Mirando atrás con simpatía
Yo tenía un compañero, de entre todos, el mejor; se llamaba José Benito y le llamábamos Tito. Por eso me pasó desapercibido cuando firmaba, en este diario, como José Benito Carlos el recio marcaje que, desde "Cristianos de base", ejerce frente al Arzobispo (LA NUEVA ESPAÑA del 30 de agosto, del 9 de septiembre y del 15 de noviembre). Nadie me invita y nada me incita a terciar en esa contienda arquiespiscopal. Lo que me propongo es remontar medio siglo hasta aquellos años en que Tito y yo estudiábamos juntos, y en los que, juntos, apacentábamos después afanes y desasosiegos en las altas y espaciosas soledades de Berducedo y el Valledor.
Me gustaría aprehender el núcleo original de lo que entonces nos unía (¿o nos separaba ya?). Lo voy a intentar con el procedimiento poco convencional de formularle, tomándolas al vuelo, algunas de las preguntas que flotan en suspensión en la malsana actualidad. "¿Cómo se puede ni siquiera suponer que es progresista un Gobierno que no respeta la división de poderes, promueve la desigualdad ante la ley e incluye en sus filas a fuerzas del más rancio nacionalismo?" ("El País", 11 de diciembre). Contéstale a Cebrián, José Benito, que, aunque no sea arzobispo, no dejará de parecerte extrema su pregunta.
¿Creen los cristianos de base que los conservadores reparten entre los niños caramelos envenenados y que salen de noche a envenenar las fuentes? ¿Creen que toda alma progresista viene al mundo "sine labe originali concepta"? ¿Que la etiqueta de "progresista" limpia, fija y da esplendor a cualquier mercancía a la que se la pongan encima? ¿Es progresista financiar con 165 millones el uso del catalán en la Eurocámara y desentenderse de la ELA invocando falta de recursos? ¿Es progresista que en el Congreso y en el Senado se imponga el catalán y el pinganillo mientras en Cataluña se vigila a los niños para que no hablen español en los recreos?
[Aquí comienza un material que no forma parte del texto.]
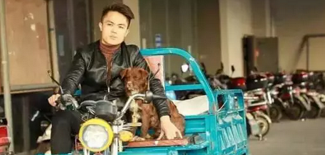 “路上呢,我看它跑来跑去比较危险,就把它抱上了三轮车。”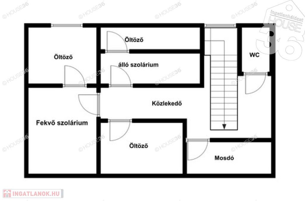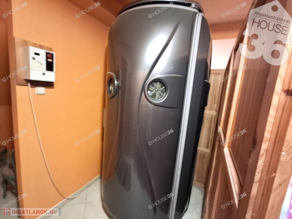 ennek emeletén ( kb. 40 m2) álló és fekvő szoláriumok, valamint hozzátartozó öltözők, mellék helyiségek, továbbá

¿Se redime un tramposo con el simple truco de llamarles a sus trampas "cambios de opinión"? ¿Sería constitucional y benéfica la amnistía si se la hubiera propuesto Feijóo a Junts por 4 votos (dejándole 3 a Puigdemont para que se los administre por donde le convenga después de consultar al farmacéutico)? Al condonarles la deuda contraída al financiar el "procés", ¿no se nos obliga a hacerles de puta y a pagarles la cama? ¿Ser progresista, para el español de a pie, consistiría básicamente en decir que llueve cuando le mean en la oreja? ¿Es progresista convertir a España en un Estado federal con nacionalistas de primera y españoles de tercera?
¿Es progresista reconvertir las instituciones de control en cámaras de refrendo, en seudópodos del ejecutivo? ¿Es cristiano promover el aborto y la eutanasia y desentenderse de la natalidad y de los cuidados paliativos? Estas diez preguntas se encierran en dos: ¿Hay que ser de izquierda para ser cristiano, y de extrema izquierda para ser mejor cristiano? ¿Hay que comulgar con ruedas de molino para vivir en gracia de Dios? Haber respondido afirmativamente a más de la mitad del cuestionario es síntoma inequívoco de padecer hiperplasia benigna de la glándula de la fe; dolencia, sin duda, más llevadera que el SDR (síndrome dubitativo recurrente) que sufrimos algunos.
Fuiste testigo en aquellos tiempos augurales de mi renuencia a subir a un tren en el que nos llamaban "izquierdosos", "compañeros de viaje", "tontos útiles". Intuía que el día en que dejáramos de serles útiles nos tendrían solo por tontos. Testigo a mi vez de tu inteligencia y de la sinceridad de tus sentimientos, entenderás que no acabe de entender qué pintáis a estas alturas viajando en compañía tan necia, tan zafia, tan nociva. "Piafan los bárbaros en las anticámaras del poder", avisaba André Glucksmann en el 75. Óscar Puente, Rufián, Sánchez, Otegi... ¿En las anticámaras? No. En el puente de mando. Una coalición que implica "complicidad con organización delictiva, por lo que se podría pedir responsabilidad jurídica, y no solo política, al Gobierno y su presidente". Otra vez Cebrián ("Democracia totalitaria", "El País", 12.12.22).